Use of a dynamic bubble trap in the arterial line reduces microbubbles during cardiopulmonary bypass and microembolic signals in the middle cerebral artery.

作者信息

Perthel Mathias, Kseibi Samer, Bendisch Andreas, Laas Joachim

机构信息

Herz-Kreislauf-Klinik Bevensen, Department for Cardiothoracic Surgery, Bad Bevensen, Germany.

出版信息

Perfusion. 2005 May;20(3):151-6. doi: 10.1191/0267659105pf813oa.

Abstract

Neurological complications remain an important cause of morbidity and mortality of patients following cardiopulmonary bypass (CPB).

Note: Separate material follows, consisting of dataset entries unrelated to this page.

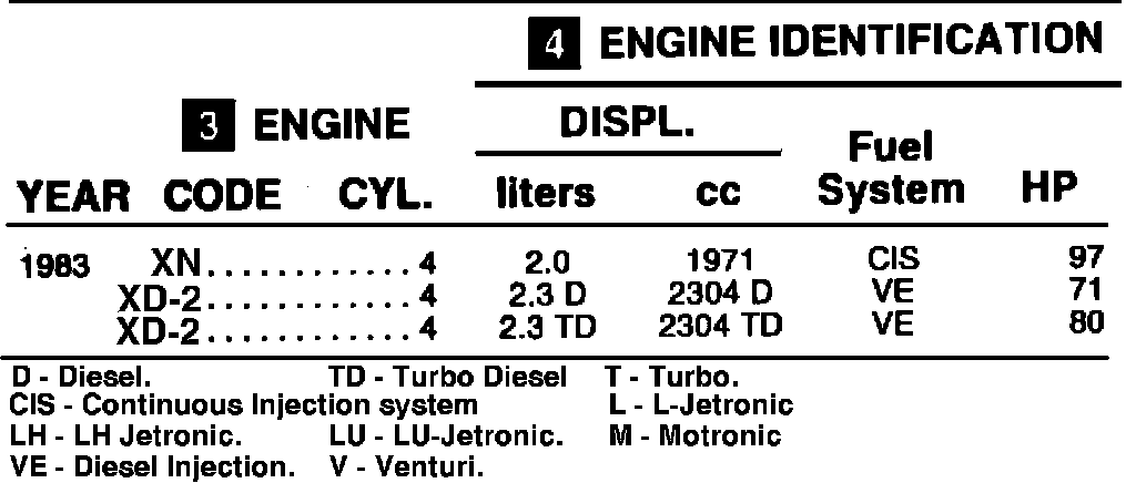 1984-81 - 6th character of VIN. All others - Prefix to engine number, stamped on engine block.
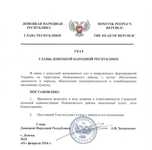 "Интересно, что согласно «указу» Захарченко, включение Коминтерново «в зону влияния» террористов – временное. Очевидно, полагают, что их оттуда таки выпрут. С другой стороны, обратите внимание на дату подписания «указа»: Коминтерново было захвачено в конце декабря 2015 г, боевики прождали больше месяца (а вдруг по зубам дадут?), но ничего не происходило, и только тогда они «легализовали отжим»", - добавил эскперт.
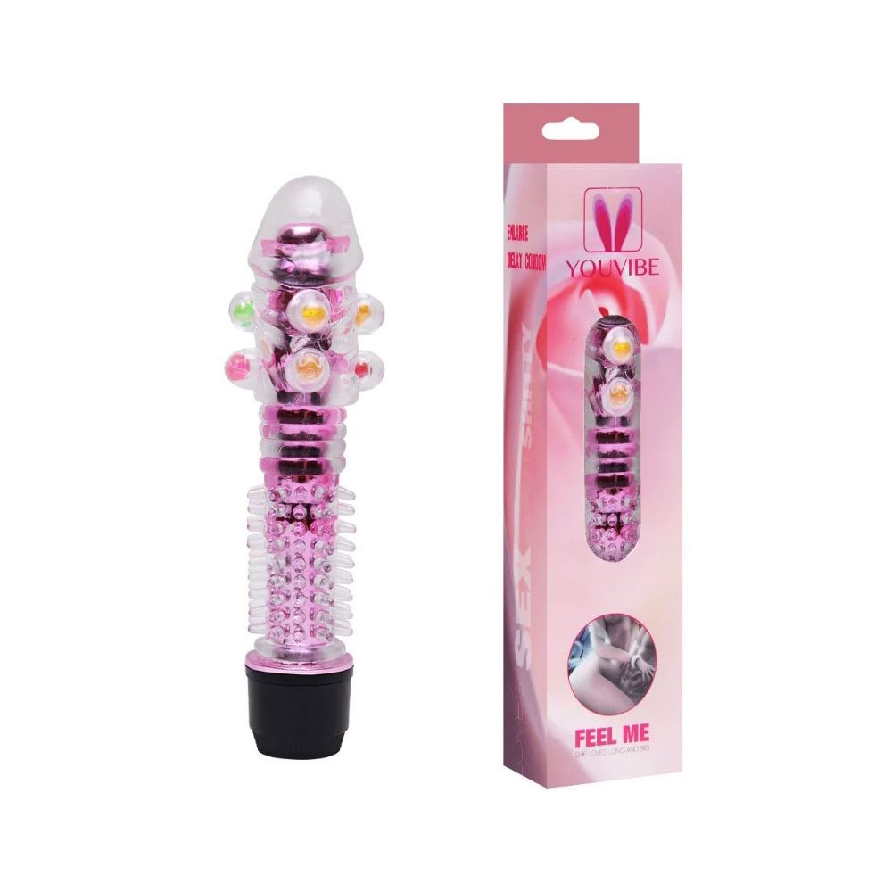 DescriçãoVibrador translúcido com capa texturizada e pérolas para maiores estímulos, feito em Jelly e vibração multivelocidade.Produto: 15x3,5x3,5 cm Diâmetro: 3,5 cm Penetráveis: 12,5 cm. Utiliza: 2 pilhas AAA não inclusas Material: Jelly e ABS.

Microemboli, as well as cerebral hypoperfusion, are the main postulated mechanisms. This study demonstrates that the insertion of a dynamic bubble trap (DBT) into the curcuit reduces microbubbles in the arterial line and microembolic signals (MES) in the middle cerebral arteries (MCAs). We investigated 12 patients during coronary artery bypass grafting (CABG). The DBT was inserted between the arterial filter and the arterial cannula. For detection of microemboli before and after the DBT, a special ultrasound Doppler device was used. MES were detected by transcranial Doppler monitoring in both MCAs of the patients. Microbubbles and MES were counted during bypass. These data were compared to 12 patients who were operated in a previous period without the use of a DBT. There were no significant differences in both groups with respect to gender, age, crossclamp and bypass time and number of anastomoses. In the group without a DBT in the circuit, a mean of 6311 microbubbles per operation could be observed distal to the arterial filter, corresponding to 282 MES. After inclusion of a DBT, we could register, in the second group, 8496 microemboli proximal and 2915 distal of the DBT, corresponding to 89 MES per operation. The reduction rate of microbubbles in the tubing was 65.7%, corresponding to a reduction in MES of about 86.2%. We conclude that the insertion of a DBT in the arterial line of CPB circuit protects the cerebrovascular system from microembolic events, as demonstrated by lower MES counts.

摘要

神经并发症仍然是体外循环(CPB)后患者发病和死亡的重要原因。微栓子以及脑灌注不足是主要的假定机制。本研究表明,在回路中插入动态气泡捕捉器(DBT)可减少动脉管路中的微气泡以及大脑中动脉(MCA)中的微栓子信号(MES)。我们在冠状动脉旁路移植术(CABG)期间对12例患者进行了研究。DBT插入动脉滤器和动脉插管之间。为了检测DBT前后的微栓子,使用了一种特殊的超声多普勒设备。通过经颅多普勒监测在患者的双侧MCA中检测MES。在体外循环期间对微气泡和MES进行计数。将这些数据与前期未使用DBT进行手术的12例患者进行比较。两组在性别、年龄、夹闭和体外循环时间以及吻合口数量方面无显著差异。在回路中未使用DBT的组中,在动脉滤器远端平均每次手术可观察到6311个微气泡,对应282个MES。在纳入DBT后,在第二组中,我们在DBT近端记录到8496个微栓子,在DBT远端记录到2915个微栓子,对应每次手术89个MES。管路中微气泡的减少率为65.7%,对应MES减少约86.2%。我们得出结论,如较低的MES计数所示,在CPB回路的动脉管路中插入DBT可保护脑血管系统免受微栓子事件的影响。